Welsh Government refuses to release inspection reports which led to Menai Bridge closure
The Welsh Government has refused a request for inspection reports relating to the condition of the Menai Bridge to be made public.
The suspension bridge spanning the Menai Strait between Anglesey and the mainland of Wales was suddenly closed in October with little warning.
It followed an inspection which raised concerns about the integrity of the bridge’s metal hangers.
A Freedom of Information request was previously made to the government in Cardiff Bay in a bid to obtain copies of inspection reports covering the last six years to be released.
However, officials have now rejected the request citing commercial confidentiality arrangements with UK Highways A55 Ltd which is responsible for maintaining the bridge.
In its response, the government said: “The Welsh Government acknowledges there is public interest in openness and transparency, particularly in terms of the information we hold on the lead up to the decision to close Menai Suspension Bridge.
“It is also recognised that there is benefit in the public understanding the considerations being undertaken by the Welsh Government.

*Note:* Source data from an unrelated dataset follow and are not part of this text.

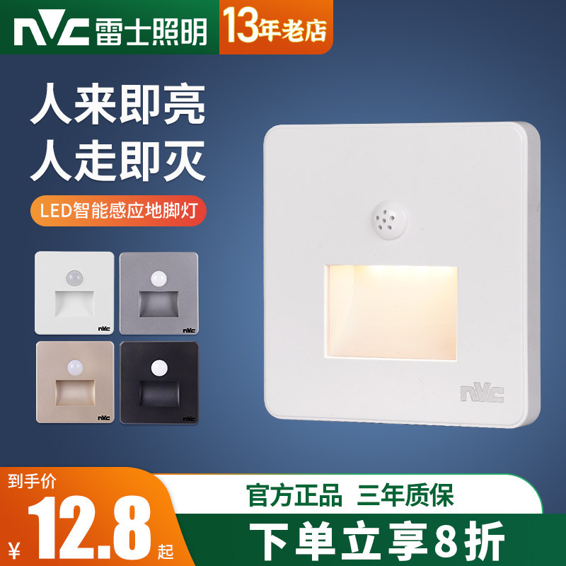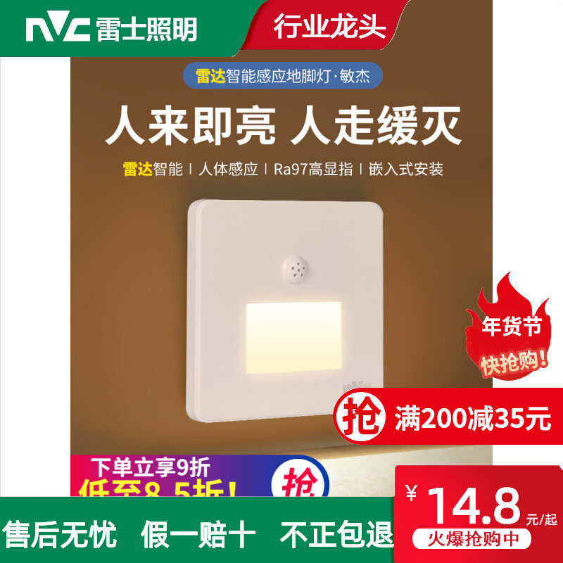 雷士照明人体感应地脚灯LED小夜灯86型嵌入式追光灯过道走廊灯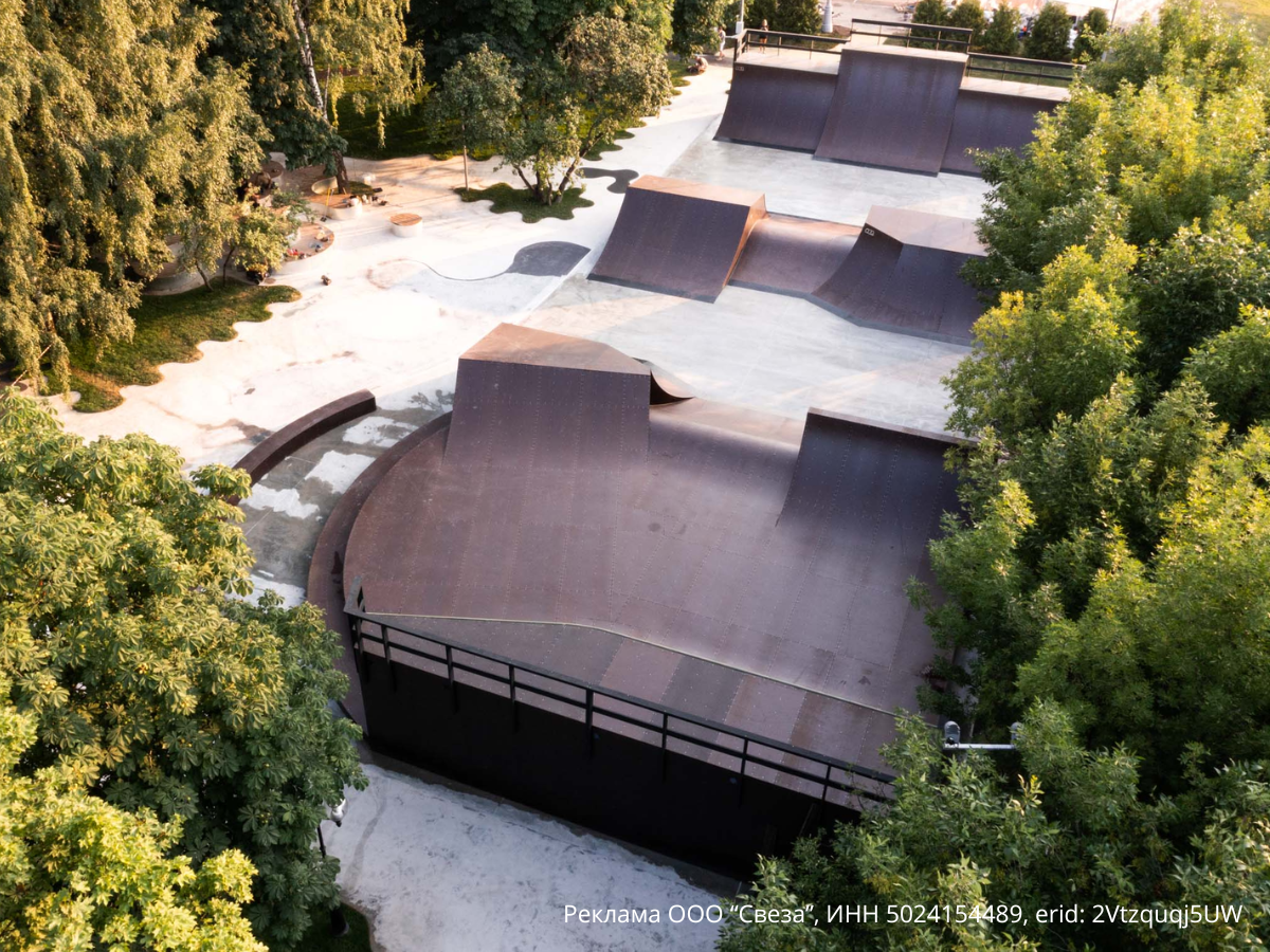 Парк состоит из трех взаимосвязанных зон — такая геометрия позволяет кататься по десяткам разных траекторий. Для местных жителей это эстетичная территория спорта и точка притяжения, расположенная прямо у дома.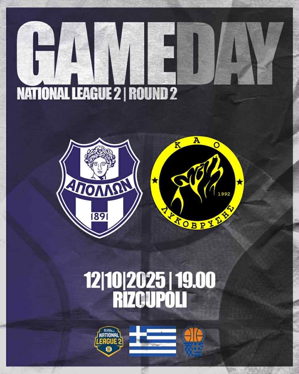 «Ο Γ. Σ. Απόλλων Σμύρνης 1891 ανακοινώνει τη διεξαγωγή της αναμέτρησης για τη 2η αγωνιστική της National League 2.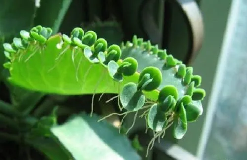 有人曾做过一个试验,用一根木棍将它打得粉碎,但不到两个月,那些被打落在土里的碎屑,以及被打碎的叶梢上仅有的几颗芝麻大小的芽瓣儿,居然落地生根,长出了鲜嫩的新芽。

“Given that the Menai Suspension Bridge is located on the A5 and this section of the major road is operated and maintained by a third party through a contract, disclosing the information that was originally provided to the Welsh Government in confidence will likely cause significant breach of our contract.
“We also do not have consent to make this information available to any party who asks for it.
“It is the view of the Welsh Government that whilst the information we hold regarding the decision to close Menai Suspension Bridge remains confidential, then the balance of public interest is likely to favour withholding the information. This balance may change over time.”
Deputy Minister for Climate Change Lee Waters visited the bridge last week to announce a package of support measures for local businesses impacted by the closure, including free parking arrangements.
He said he hoped to reassure the public that some of the world’s leading bridge specialists were “extremely busy” working behind the scenes to solve the problem.
Designed by Thomas Telford, the construction of the bridge started in 1818 and was completed in 1826.
The majority of the bridge’s hangers date from when it was originally built, although some were replaced during work carried out about 40 years ago.
Mr Waters said: “We are dealing with a structure that is almost 200 years old, and that has created some unprecedented challenges.
“I know local people are really fed up of the situation, I get that, it is really frustrating, it has been a real pain.
“If people don’t see anything happening on the bridge, they assume nothing is being done.
“I want to reassure people, there is a huge amount of work going on in the background with the contractors UK Highways A55, Welsh Government engineers.
“We have some of the world’s top industry experts and bridge specialists all working together.”
He said that workmen will be visible carrying out some of the repairs to the historic bridge this week.
He said: “We aim to get it opened to 7.5 tonne traffic by January, but we can’t say when it will fully open after that. We just don’t know yet how the work will go.
“We very much hope the latest package of support measures we have put together will go some way to ease some of the problems people have faced.”
Free parking has been made available at car parks in the town of Menai Bridge and at two park and share sites throughout December and January.
It is hoped it will help local businesses dependent on Christmas trade and reduce the numbers of vehicles on the only other crossing – the A55 Britannia Bridge.